» Material for the task
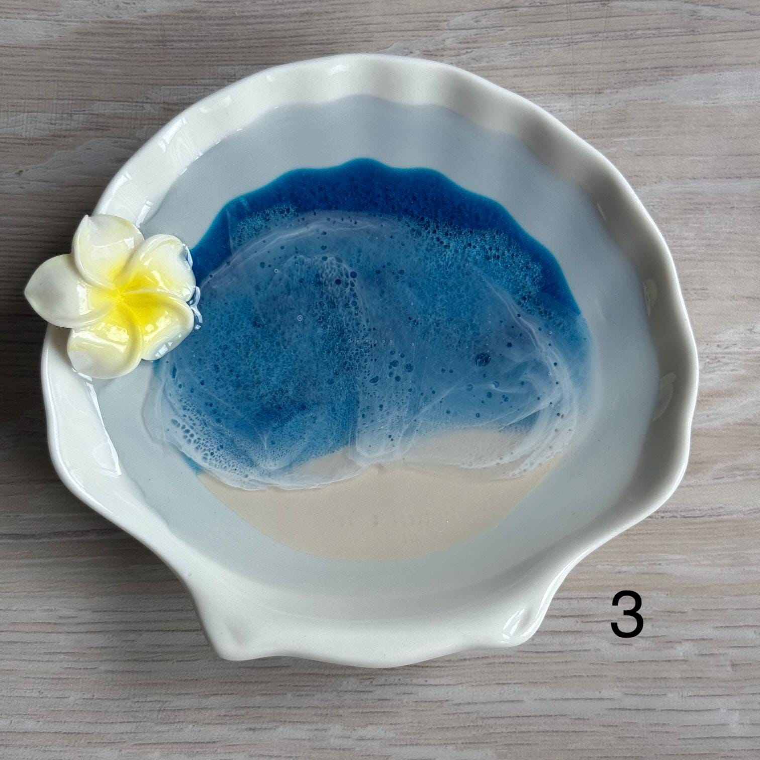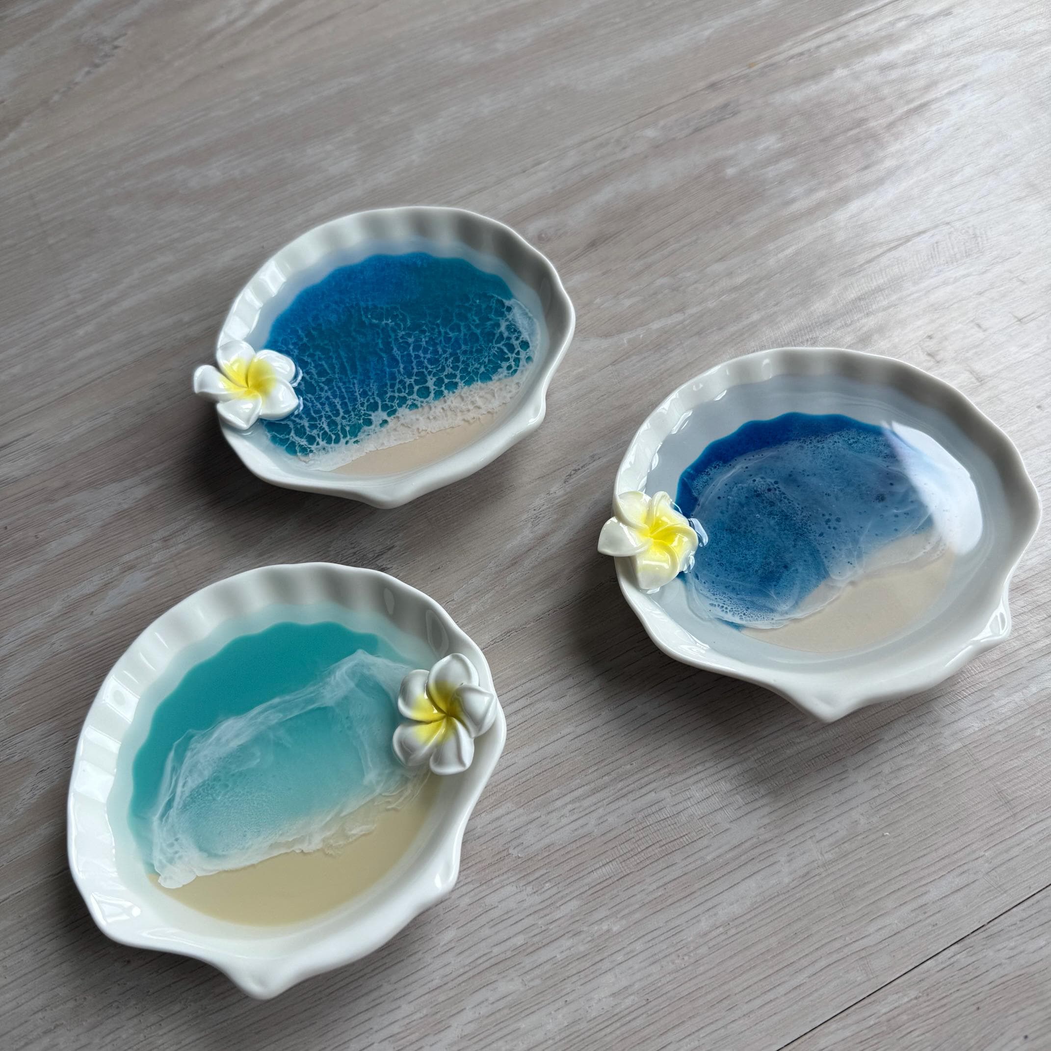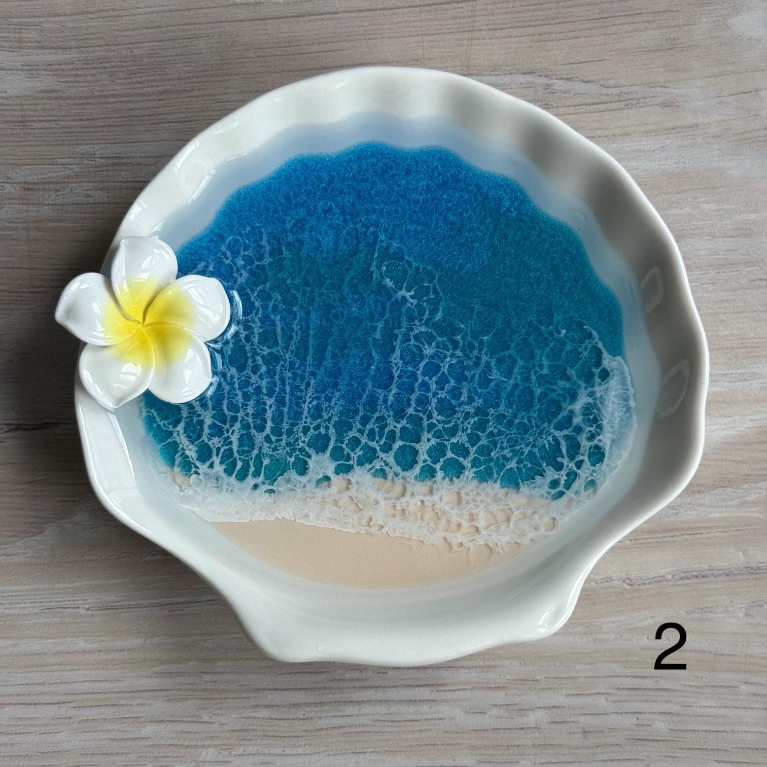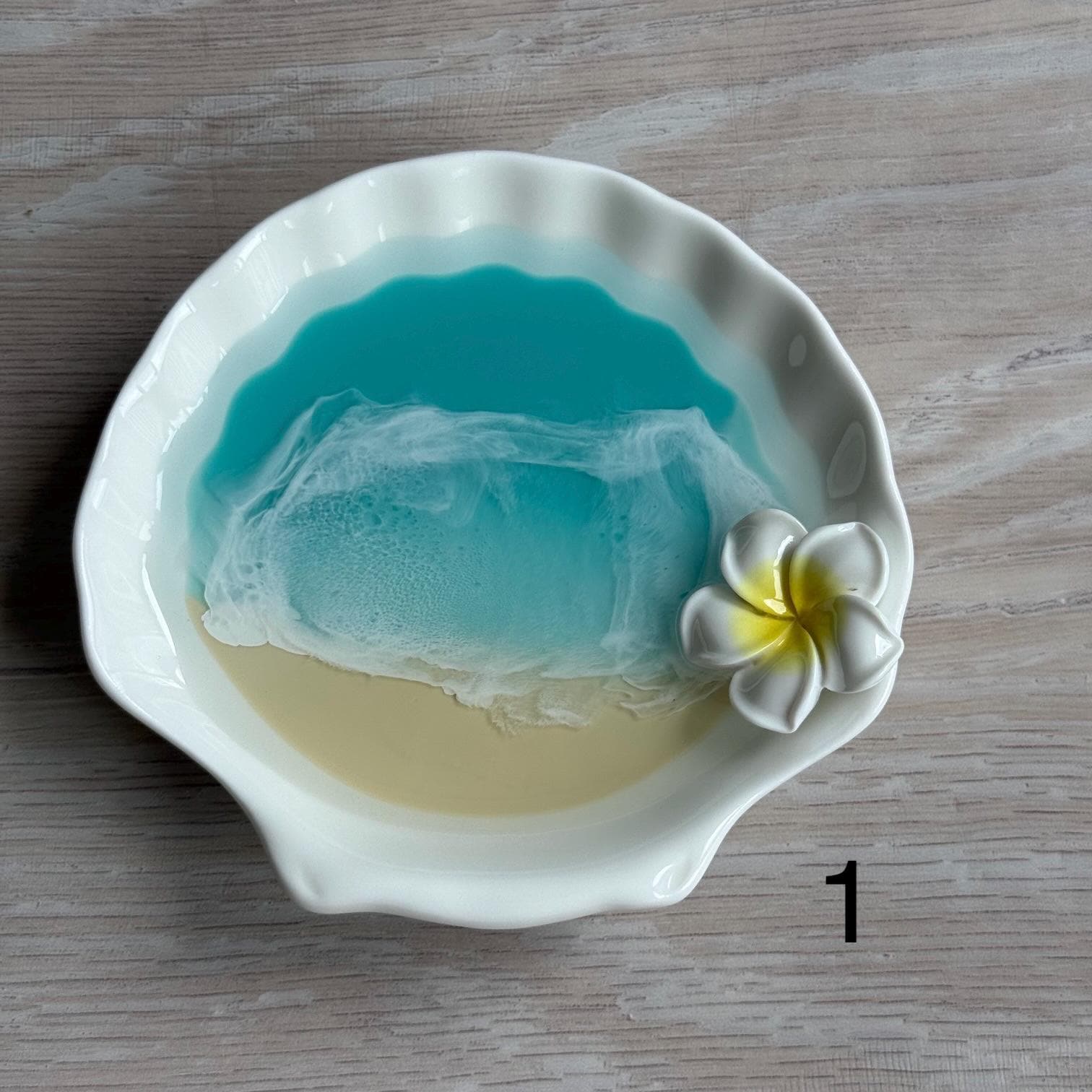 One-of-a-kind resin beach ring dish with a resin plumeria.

...

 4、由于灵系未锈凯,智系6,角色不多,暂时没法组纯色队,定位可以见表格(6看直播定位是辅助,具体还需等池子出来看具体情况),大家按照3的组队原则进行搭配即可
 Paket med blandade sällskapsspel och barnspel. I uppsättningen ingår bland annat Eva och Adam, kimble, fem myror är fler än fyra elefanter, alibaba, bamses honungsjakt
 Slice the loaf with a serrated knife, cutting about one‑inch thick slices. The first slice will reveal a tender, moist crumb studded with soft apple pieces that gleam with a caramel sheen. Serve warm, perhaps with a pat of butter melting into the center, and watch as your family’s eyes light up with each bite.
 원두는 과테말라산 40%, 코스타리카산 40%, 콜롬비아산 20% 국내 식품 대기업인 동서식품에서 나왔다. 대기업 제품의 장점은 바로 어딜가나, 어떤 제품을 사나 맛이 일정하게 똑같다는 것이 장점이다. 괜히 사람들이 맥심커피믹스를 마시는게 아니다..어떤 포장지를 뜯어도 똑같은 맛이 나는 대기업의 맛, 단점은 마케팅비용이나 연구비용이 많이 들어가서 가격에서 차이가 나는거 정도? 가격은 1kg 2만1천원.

...

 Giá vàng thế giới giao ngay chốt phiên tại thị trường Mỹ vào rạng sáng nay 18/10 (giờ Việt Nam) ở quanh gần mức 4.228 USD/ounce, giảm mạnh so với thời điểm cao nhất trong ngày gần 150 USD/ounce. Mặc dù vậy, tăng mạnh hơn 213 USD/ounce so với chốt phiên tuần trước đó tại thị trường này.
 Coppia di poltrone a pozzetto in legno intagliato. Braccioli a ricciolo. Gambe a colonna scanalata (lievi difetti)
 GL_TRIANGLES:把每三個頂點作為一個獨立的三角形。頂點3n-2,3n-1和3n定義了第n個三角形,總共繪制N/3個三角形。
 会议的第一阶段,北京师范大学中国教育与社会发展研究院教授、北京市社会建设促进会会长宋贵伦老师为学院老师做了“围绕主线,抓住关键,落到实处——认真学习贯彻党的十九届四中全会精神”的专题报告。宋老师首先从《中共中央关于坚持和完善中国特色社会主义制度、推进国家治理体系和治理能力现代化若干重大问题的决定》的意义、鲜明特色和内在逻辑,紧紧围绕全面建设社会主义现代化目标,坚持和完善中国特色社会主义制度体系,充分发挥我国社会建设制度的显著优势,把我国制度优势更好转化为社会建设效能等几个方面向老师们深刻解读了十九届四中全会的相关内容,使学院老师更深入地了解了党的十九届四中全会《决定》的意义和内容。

» To do
Produce only the lines from the line containing "4、由于灵系未锈凯,智系6,角色不多,暂" through the line containing "Paket med blandade", inclusive of both, exactly as they stand in the entries above.

» Answer to this exercise
 4、由于灵系未锈凯,智系6,角色不多,暂时没法组纯色队,定位可以见表格(6看直播定位是辅助,具体还需等池子出来看具体情况),大家按照3的组队原则进行搭配即可
 Paket med blandade sällskapsspel och barnspel. I uppsättningen ingår bland annat Eva och Adam, kimble, fem myror är fler än fyra elefanter, alibaba, bamses honungsjakt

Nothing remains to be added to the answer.